# Lawn-boy silver pro



## Scott15 (Nov 11, 2004)

I want to get a lawn-boy silver pro and just want some opinions if it's a good mower. I know most everybody who has one loves it. The dealer has a couple left and I need to get it soon. I have a snapper but doesn't do to good on the thick stuff. How good is the duraforce? I know it's a great mower but just need some assurance. thanks.


----------



## roperdude91 (Nov 10, 2004)

go ahead and waste your freaking money, you hardly cut anything and you already have 3 freaking mowers and a redmax trimmmer


----------



## Scott15 (Nov 11, 2004)

I know but I want one and have the money. It's something you can't get anymore. Why not get one. It will make those damn st. augs pay for the trouble it gave my snapper.


----------



## snprnut (Jun 19, 2005)

I would definitely go with the LawnBoy. I have 3, and they cut through tall grass, even if its wet. :thumbsup:


----------



## Scott15 (Nov 11, 2004)

A snapper rear discharge mower would be good in tall grass too.


----------



## fords-n-mowers (May 6, 2005)

Scott15 said:


> A snapper rear discharge mower would be good in tall grass too.
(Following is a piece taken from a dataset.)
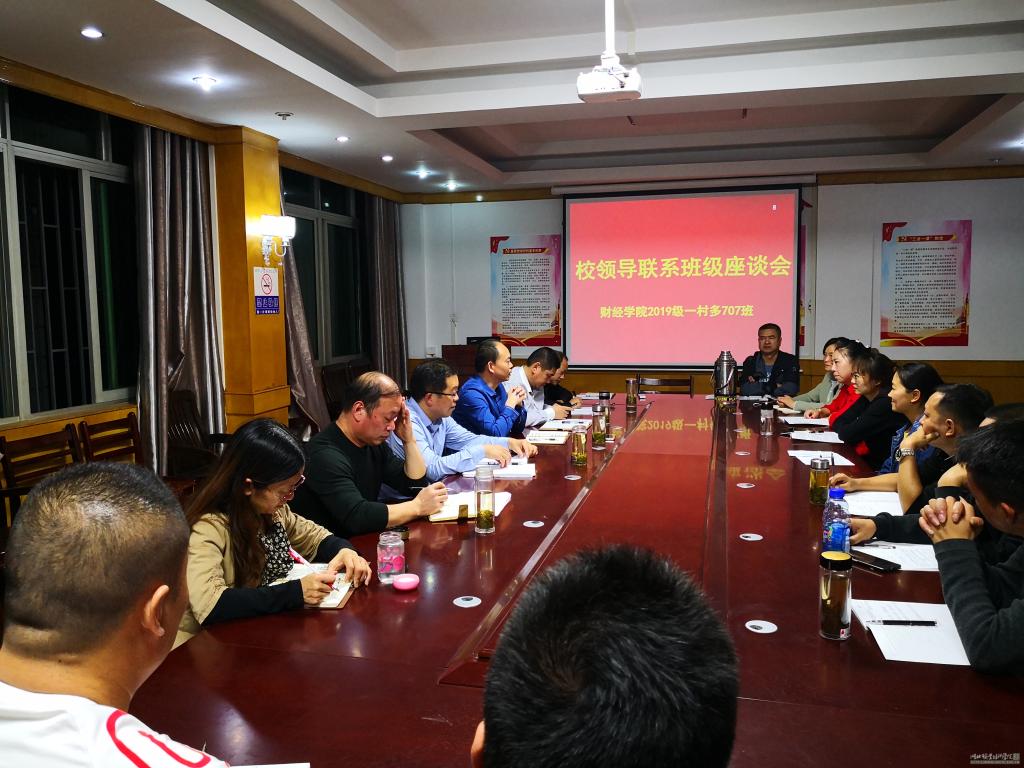 2019年10月22日,是beat365vip官网登录入口2019级一村多新生开课的第一天,为了切实了解一村多新生学习情况,帮助学员解决实际困难,结合“勿忘初心 牢记使命”主题教育活动的部署和要求,beat365vip官网登录入口于当日晚七点,在文华楼二楼会议室召开2019级一村多电子商务707班校领导联系班级座谈会。出席此次座谈的有学校党委成员梅重副校长、beat365vip官网登录入口全体班子成员及部分教师代表,1904707班全体在校学生参加了此次座谈。

so. whats this have to do with the lawn boy?


----------



## Scott15 (Nov 11, 2004)

The dude said lawn-boys are good in thick grass. Well snapper rear discharge mowers work good too.


----------



## fords-n-mowers (May 6, 2005)

did you get the lawn boy?


----------



## Scott15 (Nov 11, 2004)

Nope happy with my snapper and murrays.


----------